Farmers, ranchers, environmentalists, and industry stakeholders spent years developing the current federal sage grouse habitat management plans to prevent an Endangered Species Act (ESA) listing of the Greater Sage-grouse. Opening up this land to oil and gas development will almost certainly lead to an ESA listing of this species. A listing would do irrevocable harm to ranchers, conservationists, sportsmen and industry stakeholders in Oregon and the West by creating both uncertainty and potential regulatory actions over the management of local public lands.
“The Secretary of the Interior has repeatedly stated his willingness to listen to local communities, but when it comes to decision time, he will side with the oil and gas industry,” Wyden said. “By reopening these locally developed land management plans, Secretary Zinke is unraveling the years of hard, collaborative work that ranchers and farmers in Oregon and across the West spent developing them.”

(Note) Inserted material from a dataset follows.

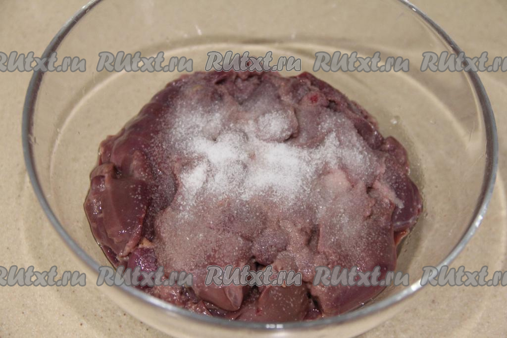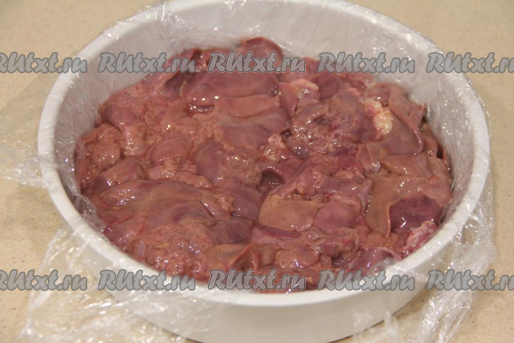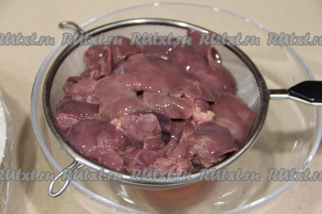 Промыть куриную печень водой, откинуть на сито (или дуршлаг), чтобы стекла лишняя вода.

“The sage grouse plans Zinke seeks to undo have successfully staved off an ESA listing and protected both the habitat of hundreds of species and the way of life for rural communities that depend on our public lands. This decision lurches us backward and is the wrong move.”
In a May letter, Wyden pressed the Interior Department to uphold the current sage grouse plans and stressed the collaborative process and broad local engagement involved in creating the plans that successfully prevented listing the species under the ESA.